/beam-portable-spark

Primary LanguagePythonApache License 2.0Apache-2.0

Apache Beam PortableRunner using Python SDK on Apache Spark

Particularly when running on Mac or Windows, it can be challenging to get Beam's PortableRunner to work. Communication with the SDK harness is expected to be done via localhost, requiring support for Docker's host network. Unfortunately, the host network isn't available on Docker for Mac or Windows.

This repo contains a docker-compose file to showcase how to use the Beam's portability framework with Apache Spark and a Python worker pool on Docker (on a Mac / Windows) for testing purposes.

Prerequisites

Until the Beam issue #21092 is released, you have to build the image for the Spark job-server yourself.

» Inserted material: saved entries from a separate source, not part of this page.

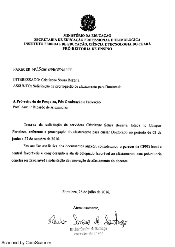 Solicitação de prorrogação de afastamento para doutorado da Professora Cristianne Sousa Bezerra - Campus Fortaleza.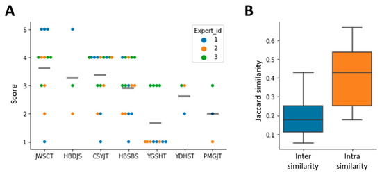 We tried to evaluate the interpretation results by expert’s manual audit. The remaining 22 instances included in the case study dataset were considered as data for model evaluation. We applied LIME to each instance consisting of the patient’s clinical symptoms and administered HFs, and identified the top-weighted features and their descriptions in a form similar to the representative example. We then invited three SCM experts to rate whether these features were appropriate for choosing a HFs on a scale of 1 (most inappropriate) to 5 (most appropriate). The results showed that the average score of evaluation was close to normal (2.94) (Figure 4A). JWSCT had the highest average score with 3.7 points, followed by CSYJT (3.4 points) and HBDJS (3.3 points). Then, we evaluate the consistency of the interpretation results. We expected that if the overlap between the features with high weights in the same prescription was higher than that between other features, it would support the consistency of our model. We calculated the weight of each clinical symptom for the top predicted HF from each case study dataset using LIME. Then, we calculated the Jaccard similarities between the top 10 features of the same prescription (intra-similarity) and different prescriptions (inter-similarity). The results showed that the intrasimilarity was significantly higher than the intersimilarity (p < 0.001, Figure 4B), indicating that the LIME model interprets with consistent criteria.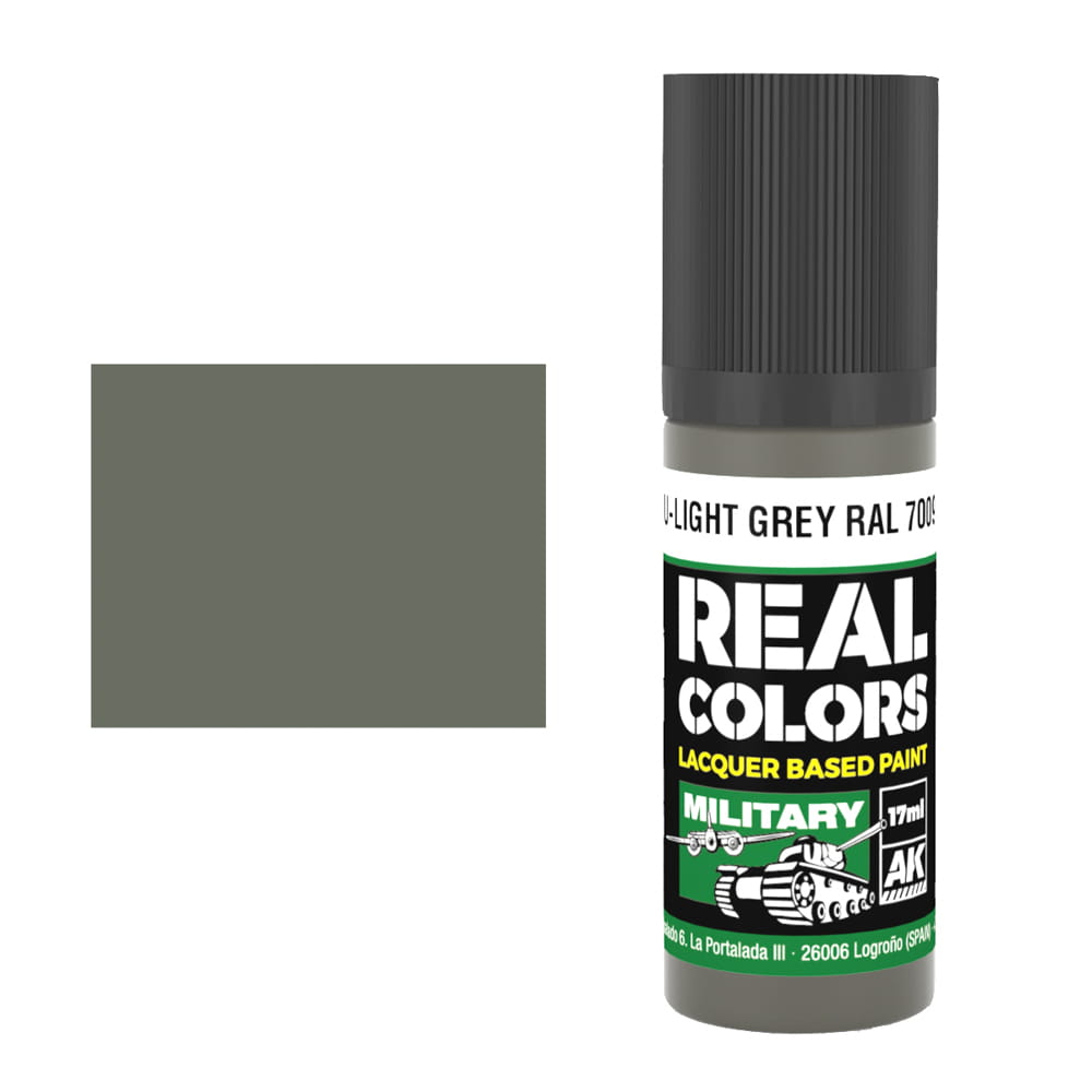 Farba akrylowa na bazie rozpuszczalników organicznych firmy AK Interactive seria Real Colors - kolor RC854 Hellgrau - Light Grey RAL 7009 Interior color - Jasny szary do wnętrz.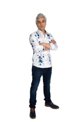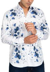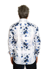 Pops of blue paint splatter have been dispersed throughout the design of this white dress shirt to ‘splash’ out creative style.

git clone git@github.com:apache/beam.git
cd beam
./gradlew :runners:spark:3:job-server:container:docker

Run job in docker

To start the entire stack including the sample wordcount job, run:

docker-compose up

Run job from CLI

Alternatively you can also start the Spark job-server including necessary dependencies:

docker-compose up -d beam-job-server 

And then submit a job from your local shell:

python wordcount.py --runner=PortableRunner --job_endpoint=localhost:8099 --artifact_endpoint=localhost:8098 --environment_type=EXTERNAL --environment_config=pysdk:50000 --output=/tmp/result

In case you have to setup a Python environment for Beam first, you can use conda to do so:

# conda config --add channels conda-forge
conda create -n beamjob-py38 python=3.8 "apache-beam[gcp]=2.41.0"
conda activate beamjob-py38